夕方になり、二人を探しているみんなの所へ戻る良多と慶多。

 

感想
カンヌ映画祭で賞もらったし、劇場で観ようかな、とも思ったが見送り、今回のTV放映でチェック。
取り違えが判って話が進んで行く様子があまりにも淡々としていて、意識して構成しているのだなーと実感。
子供にとって親が変わるというのは、まるっきり世界が変わる話であり、子供の側に立って見ると本当につらい。

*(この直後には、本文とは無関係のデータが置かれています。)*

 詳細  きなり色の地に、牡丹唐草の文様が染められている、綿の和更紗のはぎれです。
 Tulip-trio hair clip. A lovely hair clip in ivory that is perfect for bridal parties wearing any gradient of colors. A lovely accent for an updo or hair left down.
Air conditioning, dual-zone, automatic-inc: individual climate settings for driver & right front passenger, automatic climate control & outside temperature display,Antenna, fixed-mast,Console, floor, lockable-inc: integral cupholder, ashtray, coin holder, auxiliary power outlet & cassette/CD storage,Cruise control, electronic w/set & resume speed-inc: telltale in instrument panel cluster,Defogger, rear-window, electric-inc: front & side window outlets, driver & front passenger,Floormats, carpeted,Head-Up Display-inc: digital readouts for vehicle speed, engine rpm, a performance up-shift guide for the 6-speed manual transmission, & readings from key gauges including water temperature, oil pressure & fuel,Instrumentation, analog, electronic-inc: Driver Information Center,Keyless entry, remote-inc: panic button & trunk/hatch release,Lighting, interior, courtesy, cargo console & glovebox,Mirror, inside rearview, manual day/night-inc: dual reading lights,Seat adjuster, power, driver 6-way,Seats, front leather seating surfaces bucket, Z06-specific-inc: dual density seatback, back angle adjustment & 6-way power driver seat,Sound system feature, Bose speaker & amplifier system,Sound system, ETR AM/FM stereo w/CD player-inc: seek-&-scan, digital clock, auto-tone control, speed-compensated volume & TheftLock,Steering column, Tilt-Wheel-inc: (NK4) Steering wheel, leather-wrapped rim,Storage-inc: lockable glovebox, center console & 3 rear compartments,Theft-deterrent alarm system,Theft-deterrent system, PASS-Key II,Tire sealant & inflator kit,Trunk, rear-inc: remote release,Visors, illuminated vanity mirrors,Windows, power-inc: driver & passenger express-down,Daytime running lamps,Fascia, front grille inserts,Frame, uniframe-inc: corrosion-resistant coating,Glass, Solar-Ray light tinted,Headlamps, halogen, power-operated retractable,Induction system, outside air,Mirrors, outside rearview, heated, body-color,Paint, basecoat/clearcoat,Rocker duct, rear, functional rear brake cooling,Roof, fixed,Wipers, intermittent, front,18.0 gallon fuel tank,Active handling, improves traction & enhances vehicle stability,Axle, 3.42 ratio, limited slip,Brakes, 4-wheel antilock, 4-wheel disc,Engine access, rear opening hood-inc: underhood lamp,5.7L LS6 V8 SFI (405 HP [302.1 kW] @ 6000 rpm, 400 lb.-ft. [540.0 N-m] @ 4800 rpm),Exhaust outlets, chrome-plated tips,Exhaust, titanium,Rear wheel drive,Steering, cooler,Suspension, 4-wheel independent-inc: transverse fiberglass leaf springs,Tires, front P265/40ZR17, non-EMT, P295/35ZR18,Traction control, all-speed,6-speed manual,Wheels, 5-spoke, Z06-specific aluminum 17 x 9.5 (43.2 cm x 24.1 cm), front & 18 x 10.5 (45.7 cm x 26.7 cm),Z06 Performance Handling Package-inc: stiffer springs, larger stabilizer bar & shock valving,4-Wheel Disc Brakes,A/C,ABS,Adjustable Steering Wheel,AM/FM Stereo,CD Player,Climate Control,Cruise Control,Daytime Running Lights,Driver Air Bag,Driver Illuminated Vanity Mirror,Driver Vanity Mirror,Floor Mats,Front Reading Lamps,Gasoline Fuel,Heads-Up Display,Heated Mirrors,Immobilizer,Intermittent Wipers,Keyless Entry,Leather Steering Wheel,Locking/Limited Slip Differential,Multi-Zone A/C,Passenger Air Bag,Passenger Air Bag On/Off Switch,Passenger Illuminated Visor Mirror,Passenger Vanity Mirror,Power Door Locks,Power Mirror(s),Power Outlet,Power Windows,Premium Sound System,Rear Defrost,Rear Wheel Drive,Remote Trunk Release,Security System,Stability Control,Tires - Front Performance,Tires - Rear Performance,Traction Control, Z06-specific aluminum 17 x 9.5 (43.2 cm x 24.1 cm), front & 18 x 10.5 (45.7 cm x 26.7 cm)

琉晴を前にして途方に暮れる良多。自分が父親からされて来なかったから、子育てに関するリファレンスがない。生まれた時から付き合って来た慶多だから問題に気付かなかったが、突然現れた琉晴には何も通用しない。これは、今までの自分の人生を振り返ると胸に刺さる部分がある。

 

慶多が撮った写真の画像を見ながら目を潤ませ、溜まりきった涙が一気に流れるシーンには正直やられた。血が繋がっていなかったという親の落胆とは無関係に親を慕ってカメラに収めた慶多の心。ここで初めて親の心になった良多。

 

結局親は何を選択したのか?
良多が慶多に「ミッションは終わりだ」と言ったのは、慶太との暮らしに戻るという宣言だったのか。
最後に良多と慶多が斎木の家へ戻る所では、慶多が弟、妹と絡むシーンもあり、斎木家から離れるイメージはない。
良多の側だけから見たら元サヤはアリだが、斎木家にとっては慶多との家族関係が出来てしまっているので、それは難しい。
ベターな策というのは、本来の親との暮らしの中で両家が交流を続けて行くという事。

 

「そして父になる」というタイトル。本当によく付けたものだと思う。